Marc Cohen, professor in complementary medicine at RMIT, says that while there is more awareness in the community about food intolerances, and more opportunities for testing, "it's become evident that a lot of conditions such as Crohn's disease and inflammatory arthritis are related to poor gut health".
"If the integrity of your gut isn't in place, allergens can cross in to the bloodstream. I think a lot of people treating food intolerances don't know what they're actually treating."
He also notes that people complaining of food intolerances over Christmas might simply have overdone it. "From my own time working in emergency departments, there was always an increase in people coming in with blocked bowels and bloating from just eating too much."
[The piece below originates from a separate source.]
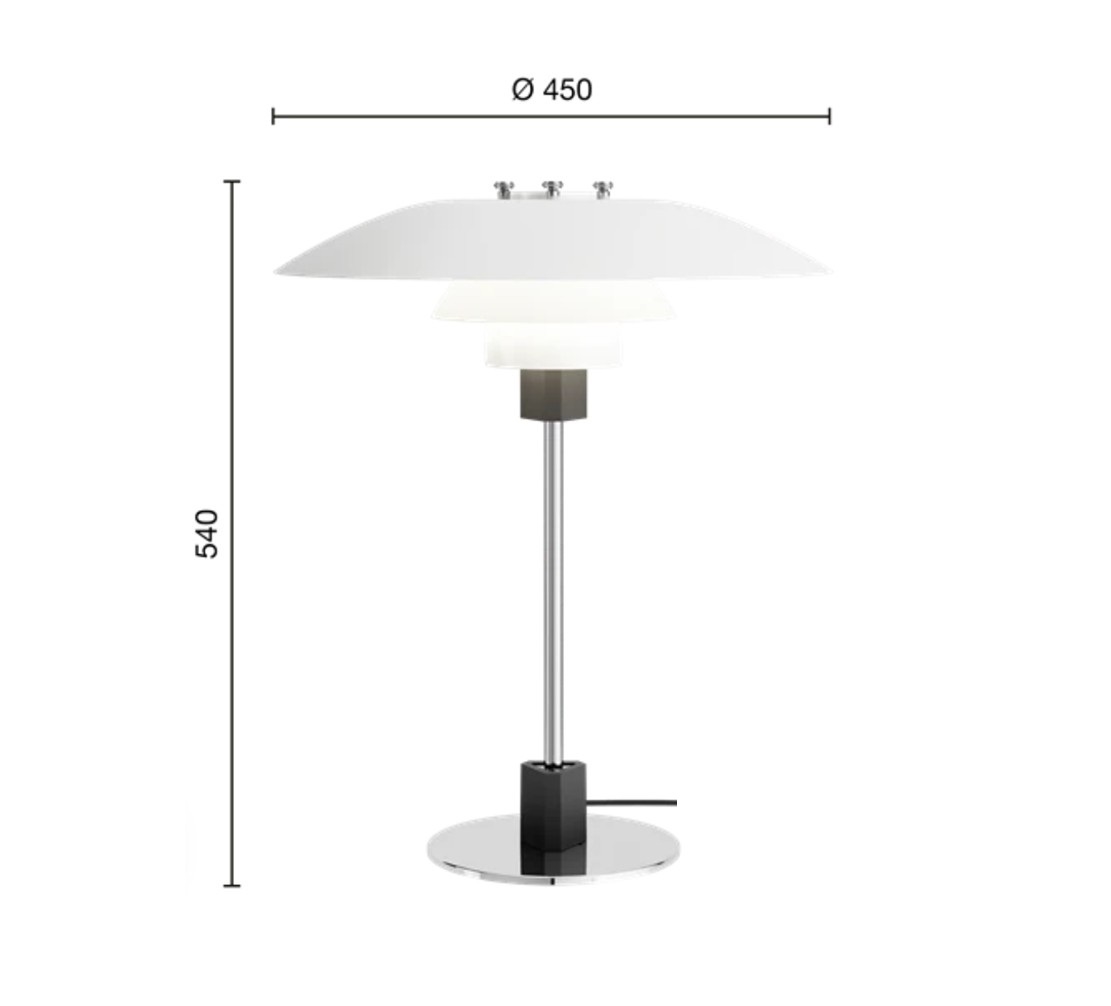 Model PH 4/3 bordlampe er designet af Poul Henningsen, han havde designet 3-skærmssystemet allerede for 100 år siden i 1925-26.

Dietitian Jane Dostine says the basic Christmas dinner of roast meat and vegetables "shouldn't affect too many people at all … people with gluten intolerance just need to avoid the stuffings and flour-based gravies".
Dostine says festive dining needs to be approached with good sense by the most robust diner. "It's the bad foods you need to keep an eye on … The booze, the wine and beer are things more likely to be problematic than a basic baked dinner … we eat too much."
As to why food intolerances are now a mainstream issue, she says: "We had a much simpler diet 20 years ago … our diet has changed dramatically in one generation from something that was basic and bland to one of more exciting flavours. And there are complications that go along with that."